放課後の電子工作 HOME > デュアル Z80 CP/M マシン [ Lynx ] |
2007年6月9日 更新 |
デュアル Z80 CP/M マシン [ Lynx ]
|
デュアル Z80 CP/M マシン [ Lynx ] |
〜 これまた記憶が怪しいですが、1980年代初めごろだったんじゃないかと思います。 その頃にはもう6800のシステムを設計製作していた私にとって、この本は自作魂をくすぐる、とても、とても魅力的な本でした。 この本をベースにして、自分なりにさまざまなアレンジを加えたシステムが、[ Lynx ] です。 |
CPU |
・メイン(主制御用) Z80A (4MHz) |
メインメモリ |
64Kバイト |
ストレージ |
・Aドライブ : RAMディスク(バッテリバックアップ付き) 128Kバイト |
キーボード |
アルプス製 AKB-3320改 シリアル通信により、本体とセパレート |
ポート |
・8ビットパラレルポート×2 |
CRT |
【テキスト部】 |
当時の8ビット機はCRT制御が処理スピードのネックになっていました。 グラフィック能力を、毎分何本の線が引けるかで競ったりしてましたね。 LynxではかのPC-9801に採用されていたμPD7220を98同様に2個使いにしました。 さらにCRT制御をサブCPUにまかせ、メインCPUの負担を軽くする事で、8ビット機の遅さに関する弱点をカバーするようにしました。

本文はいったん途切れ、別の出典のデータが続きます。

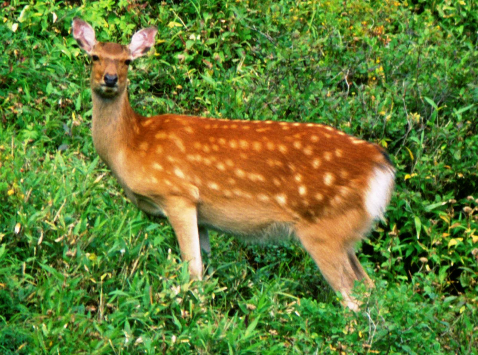 Cervus nippon yesoensis in Mount Ishikari

Pyxisのハードウェア設計コンテスト最終レポートP.28の写真8−4にもありますように、最初のストレージデバイスは8インチFDDでした。 それも、この Pyxis の頃にはNEC製FD-1165A(両面倍密、いわゆる2D)になっていますが、それ以前は中古の片面単密ドライブYD-74C(確か\35,000だった)でした。 このドライブにはとてもお世話になったのですが、難は、とにかく「うるさい」。 FD-1165Aもそうでしたが、8インチドライブはとにかくうるさかったです。 モータ音、シーク音、ヘッドロード音・・・今でも良く覚えています。 そんなわけで、RAMディスクを作ることにしたのでした。 その後3.5インチドライブのシステムに移行して、現在に至っています。
キャラクタ・ジェネレータが手に入らなくて・・・結局、手作りしました。 ROMの領域が余ったので、スクリプトフォント(筆記体)まで作りました。 凝り性・・・ですかね・・・やっぱり。
キーボードを本体と分離したのは結構先進的だったのではないでしょうか・・・なんてね。
バッテリバックアップされたRAMディスクからCP/Mをブートできるようになっています。電源ONからほぼ瞬時にOSが起動して入力待ちの状態になります。精神衛生上とても好ましいです。
あと、もうひとつメリットが。いつCtrl-Cを押しても大丈夫です。システムディスクを要求されません。(CP/Mを使ったことのある方はおわかりですね)
まず苦労した事といえば、私の場合、資料(データシート)を集めることでしたね。 個人、特に学生が大企業の大代表に電話して資料を集めることが設計作業なんかよりずっと大変でした。 なかなか送ってくれないんですよね・・・まあ学生の趣味に付き合っても利益になりませんから・・・そりゃそうなんですが・・・。
こちらはFAXはおろか自分の下宿に電話も無い生活でしたので、事情を説明して、郵便で送ってもらうしかありませんでした。 それを考えると、今、インターネットで情報がいくらでも手に入る時代はまさに天国のようです。 (その後、そのデバイスを手に入れるのがまた大変だったりするわけです)
もうひとつ、CP/Mシステムが立ち上がるまでのあいだ、ROMベースでのキーボード入力、CRT表示、FD入出力・・・などの基本プログラムが必要になるわけですが、・・・アセンブラが無い。アセンブラどころか、エディタをはじめとする開発環境というべきものが一切無いんです。
・・・というわけで、それら基本システムは全て紙の上でコーディングして、ハンドアセンブルしました。ここで『えぇ〜〜っ!!』と即座に出る方は『通』ですね(なんのこっちゃ)。 もちろん、大変でした。 自慢じゃありませんが、8ビットディスプレースメントを求めるために、FF,FE,FD,FC,FB・・・と昇順、逆順、いくらでも数えられます。 今となっては何の役にも立ちませんね。
キャラクタジェネレータをはじめ、それら基本プログラムをROM化するとき、学友のH君に大変お世話になりました。 彼はAppleIIクローンとROMライタを持っていたのでした。 毎晩彼の下宿に押しかけては数百ページにわたる(ハンド)アセンブルリストを入力させてもらいました。 今でも『感謝』です・・・。
そんなさまざまな過程を経て、Lynxを作ったのはもう20年ほども前になりますが、今でもまだ元気に動いています。